Best things we saw at Bonnaroo 2018

Jeff Kravitz/Getty

Best Tribute: Tom Petty SuperJam

As the leader of this year’s SuperJam, My Morning Jacket drummer Patrick Callahan called up a rotating cast of singers from pop, indie rock, country and soul to pay tribute to Tom Petty. There was plenty of star power – Paramore’s Hayley Williams tackled “Into the Great Wide Open,” while Sheryl Crow blazed through a casually masterful “American Girl” – and several surprise duets: Sylvan Esso’s Amelia Meath and Bon Iver’s Justin Vernon (pictured here) reprised Stevie Nicks’ and Petty’s roles on “Stop Draggin’ My Heart Around,” and Rayland Baxter and his father, pedal steel player Bucky Baxter, performed together on “Here Comes My Girl.” An event like this could make an argument about overlooked songs in Petty’s catalog, or reimagine some of Petty’s classic tracks as a way of illustrating connections between his work and later bands that used his music as inspiration. But this SuperJam had a more straightforward goal: Eliciting sing-alongs. The song choice was a greatest-hits distillation of Petty’s catalog, and the renditions were unfailingly faithful. One of the night’s most exciting moments came when a singer made room for his own interpretation of Petty’s work. Jalen N’Gonda’s “You Got Lucky” was full of virtuosic falsetto runs, pushing Petty’s mean-spirited original – “you got lucky when I found you” – toward something tender and more reverent. E.L.
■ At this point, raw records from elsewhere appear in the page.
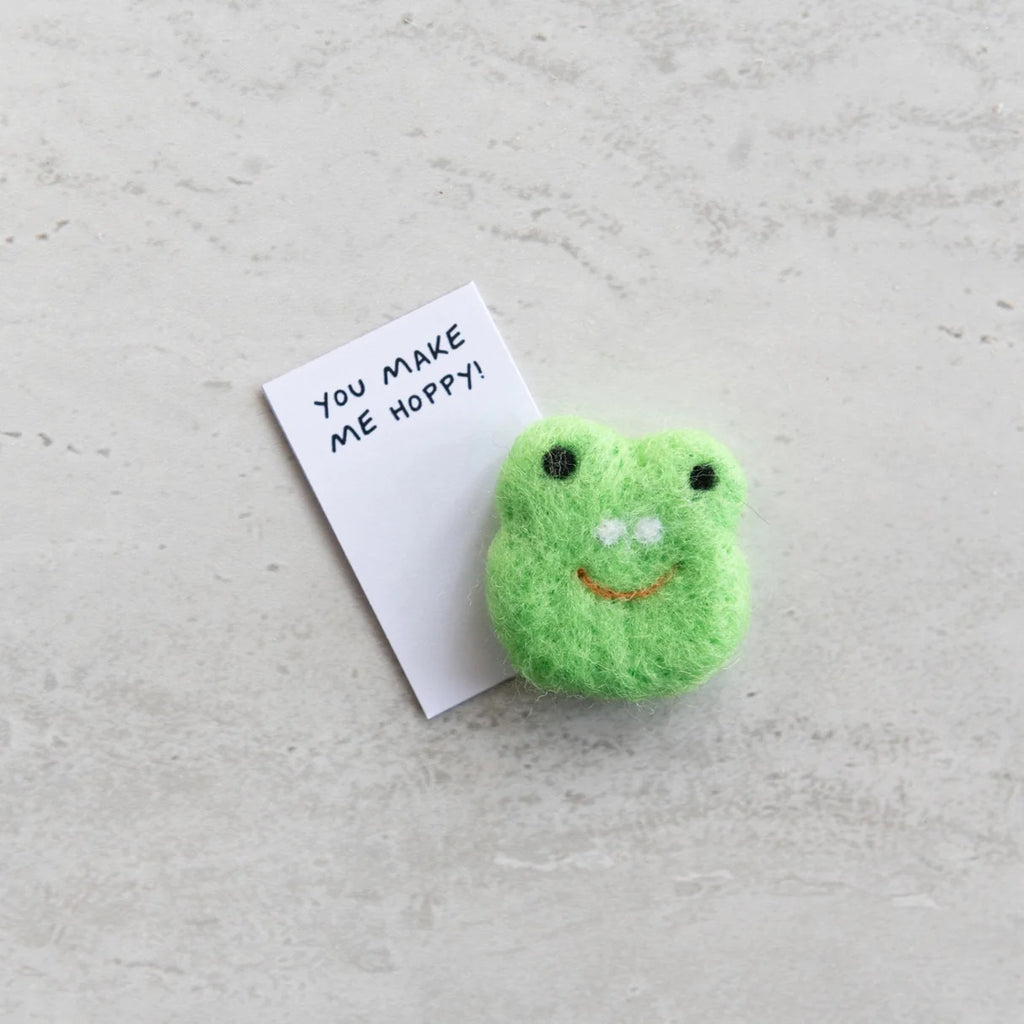 Open the matchbox to reveal a gorgeous handmade wool felt frog, and the message ‘You Make Me Hoppy!’
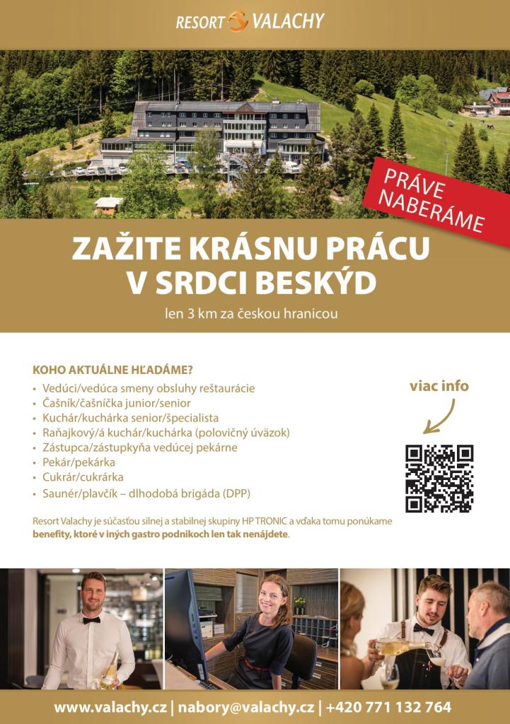 Resort Valachy, nachádzajúci sa len 3 km za českou hranicou, aktuálne hľadá zamestnancov na množstvo pracovných pozícií, vrátane vedúcej smeny v reštaurácii, čašníkov, kuchárov a pekárov. Práca v tomto rezorte je súčasťou silnej a stabilnej skupiny HP TRONIC, čo zaručuje atraktívne benefity a príjemné pracovné prostredie. Nezmeškajte príležitosť zažiť krásnu prácu v malebnej lokalite Beskýd.
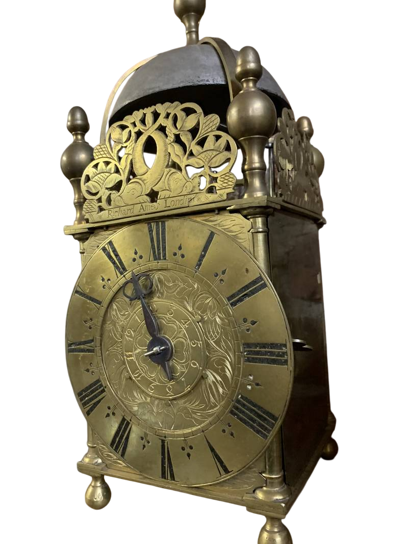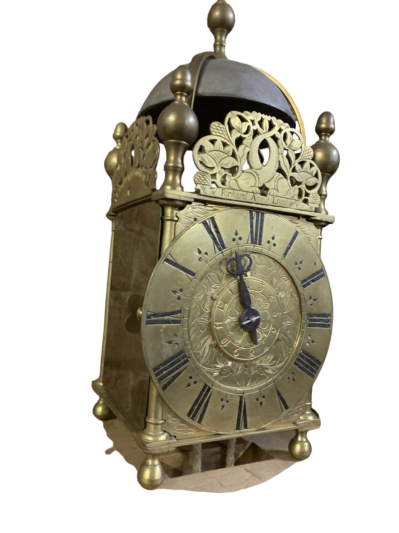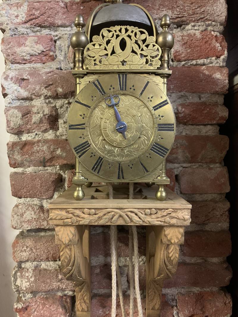Antico orologio da parete a peso in ottone dorato antico orologio a lanterna della prima meta’ del XVIII secolo
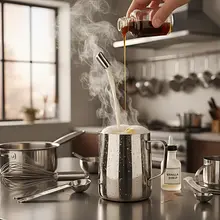 W osobnym, małym naczyniu (np. metalowym kubku do spieniania lub małym rondelku) podgrzej pozostałe 100 ml mleka. Mleko powinno osiągnąć temperaturę około 60-65°C. Jeśli nie masz termometru, podgrzewaj je do momentu, aż będzie bardzo gorące w dotyku, ale jeszcze nie będzie parzyć, a na brzegach zaczną pojawiać się drobne pęcherzyki.
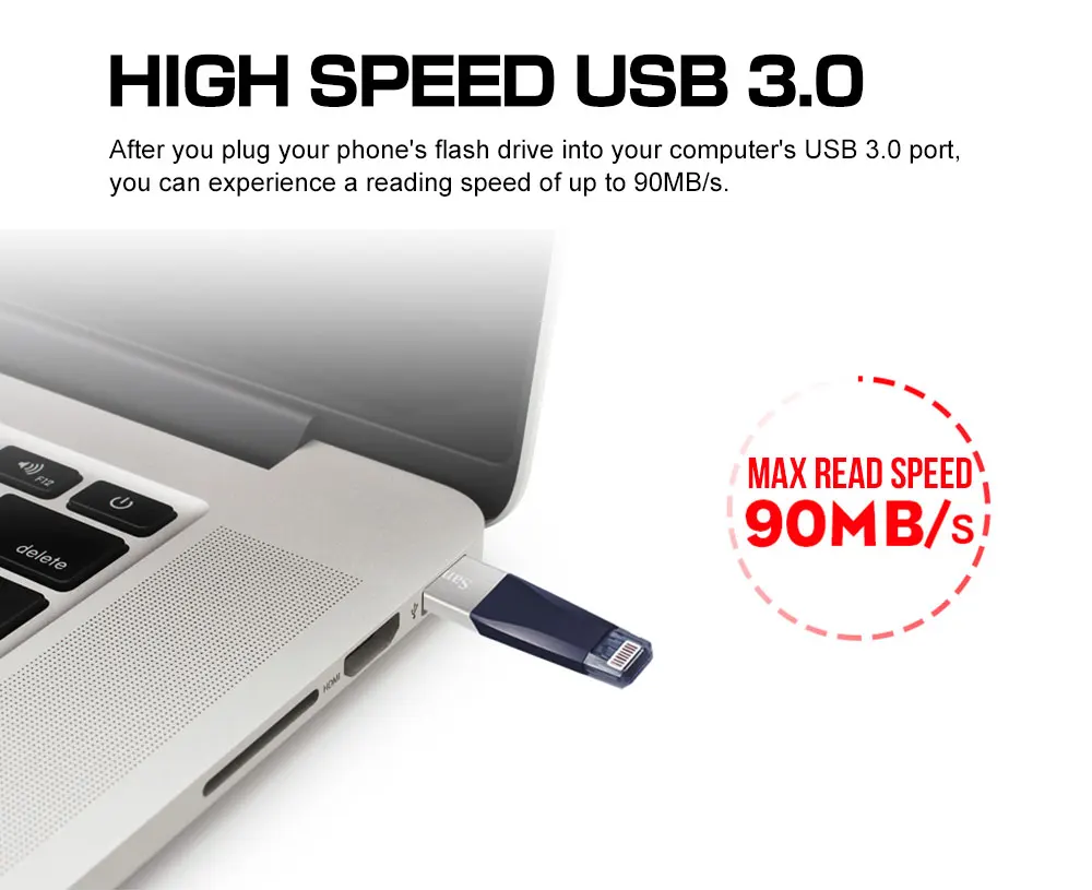 Накопитель отлично работает на iPad 2020, iPhone6! Посылка за 1 месяц добралась до Московской области и это очень большая удача, что дошла до адресата! так как продавец на упаковке посылки не указал индекс, телефон и адрес! Только RU, Кроме фамилии на английском языке, все было напечатано на китайском языке, а наши почтальоны его, к сожалению, не знают, так же как китайские почтальоны не знают русский язык! И это так называемая ускоренная доставка - plus! Посылка больше двух недель перемещалась по разным городам Московской области, Покупать в этом магазине больше не буду и вам не рекомендую!

Best things we saw at Bonnaroo 2018

Jeff Kravitz/Getty

Best Teachable Moments: Clean Vibes’ “Trash Talk”

Music festivals can suck up a lot of energy – the planetary kind, that is. But Bonnaroo prides itself on being sustainable, offering plenty of water sources to encourage easy refilling of Camelbaks brought in and stainless-steel cups bought on site, seminars on “clean camping” and growing one’s own food, 100-percent compostable food-service items, and a trading post where people could swap bottles, cans and butts for merch and sundries. Often times, though, a trash area with more than one option for disposal can cause confusion, and Bonnaroo had three destinations for its festivalgoers’ detritus: recycling, compost and landfill. Thanks to the “Trash Talk” program operated by the festival’s pickup crew Clean Vibes, those who hesitated before the bins were smoothly guided to their trash’s correct destination – and, perhaps, given a gentle reminder about how they could sort their waste when they arrived home. M.J.